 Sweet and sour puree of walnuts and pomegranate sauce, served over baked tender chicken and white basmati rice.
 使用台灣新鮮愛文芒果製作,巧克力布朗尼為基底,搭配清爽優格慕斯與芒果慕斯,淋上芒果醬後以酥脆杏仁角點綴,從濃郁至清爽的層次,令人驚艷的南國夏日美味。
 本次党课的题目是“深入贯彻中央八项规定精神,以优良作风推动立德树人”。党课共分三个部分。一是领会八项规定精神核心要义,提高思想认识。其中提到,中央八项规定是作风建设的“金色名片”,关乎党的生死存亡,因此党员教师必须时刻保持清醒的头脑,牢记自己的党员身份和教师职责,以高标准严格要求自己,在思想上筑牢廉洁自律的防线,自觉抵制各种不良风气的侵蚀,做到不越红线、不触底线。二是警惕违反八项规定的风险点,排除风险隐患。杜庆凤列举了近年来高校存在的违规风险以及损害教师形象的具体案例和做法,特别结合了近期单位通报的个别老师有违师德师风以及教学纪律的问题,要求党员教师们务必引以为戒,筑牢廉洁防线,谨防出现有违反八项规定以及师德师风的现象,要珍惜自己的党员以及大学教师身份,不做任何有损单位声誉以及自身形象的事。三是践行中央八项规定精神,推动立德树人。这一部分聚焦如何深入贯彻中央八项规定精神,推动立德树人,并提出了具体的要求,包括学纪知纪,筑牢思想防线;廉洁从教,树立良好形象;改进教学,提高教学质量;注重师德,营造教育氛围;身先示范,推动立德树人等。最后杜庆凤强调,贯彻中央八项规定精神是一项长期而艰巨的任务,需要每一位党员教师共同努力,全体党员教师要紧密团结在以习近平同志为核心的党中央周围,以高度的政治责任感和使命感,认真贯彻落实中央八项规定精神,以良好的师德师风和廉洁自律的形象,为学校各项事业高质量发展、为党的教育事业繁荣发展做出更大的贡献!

* * *

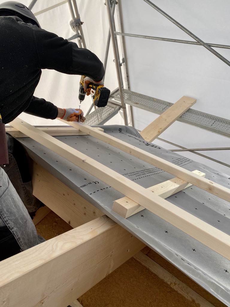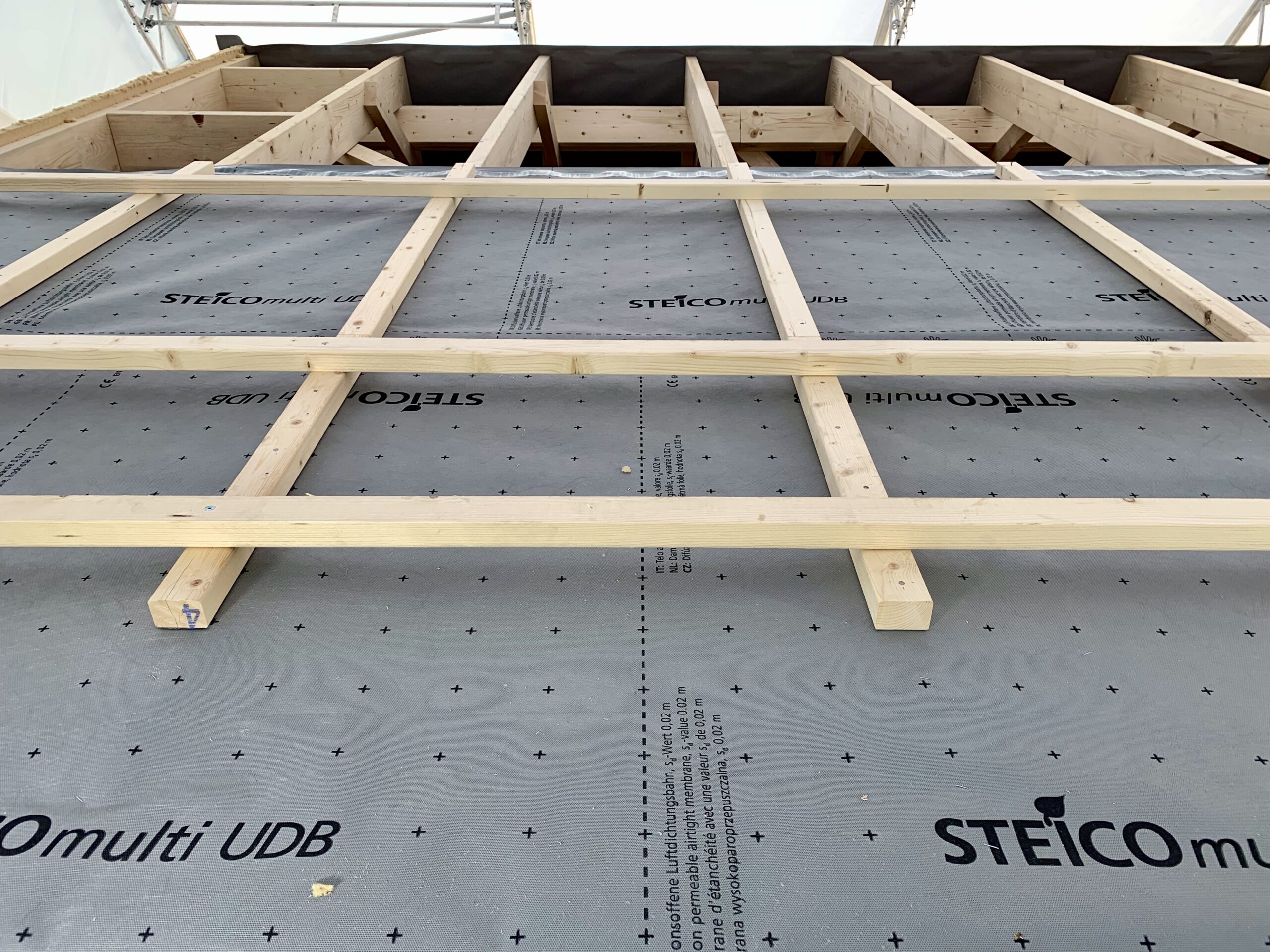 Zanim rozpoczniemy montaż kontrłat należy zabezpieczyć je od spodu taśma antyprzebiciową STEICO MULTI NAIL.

* * *

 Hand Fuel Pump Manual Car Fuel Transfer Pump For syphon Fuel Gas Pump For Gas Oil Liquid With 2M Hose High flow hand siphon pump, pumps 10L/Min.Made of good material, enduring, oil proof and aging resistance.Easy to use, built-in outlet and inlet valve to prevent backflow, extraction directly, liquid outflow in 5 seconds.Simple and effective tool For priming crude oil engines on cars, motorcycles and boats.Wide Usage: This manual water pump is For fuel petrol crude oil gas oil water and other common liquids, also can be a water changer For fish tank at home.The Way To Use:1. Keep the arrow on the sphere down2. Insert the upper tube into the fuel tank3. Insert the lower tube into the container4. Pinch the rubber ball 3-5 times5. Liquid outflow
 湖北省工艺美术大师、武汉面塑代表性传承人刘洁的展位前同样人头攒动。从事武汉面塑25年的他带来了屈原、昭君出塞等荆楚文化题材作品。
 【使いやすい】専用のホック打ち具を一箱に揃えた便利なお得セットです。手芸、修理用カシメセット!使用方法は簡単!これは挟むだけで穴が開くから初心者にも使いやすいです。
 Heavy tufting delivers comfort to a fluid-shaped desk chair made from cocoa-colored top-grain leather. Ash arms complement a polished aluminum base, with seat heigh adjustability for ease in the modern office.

* * *

● Task brief: Everything above from the line containing "Sweet and sour" down to the line containing "使用台灣新鮮愛文芒果製作,巧" should be copied exactly, both end lines included, and nothing else.

● Reply:
 Sweet and sour puree of walnuts and pomegranate sauce, served over baked tender chicken and white basmati rice.
 使用台灣新鮮愛文芒果製作,巧克力布朗尼為基底,搭配清爽優格慕斯與芒果慕斯,淋上芒果醬後以酥脆杏仁角點綴,從濃郁至清爽的層次,令人驚艷的南國夏日美味。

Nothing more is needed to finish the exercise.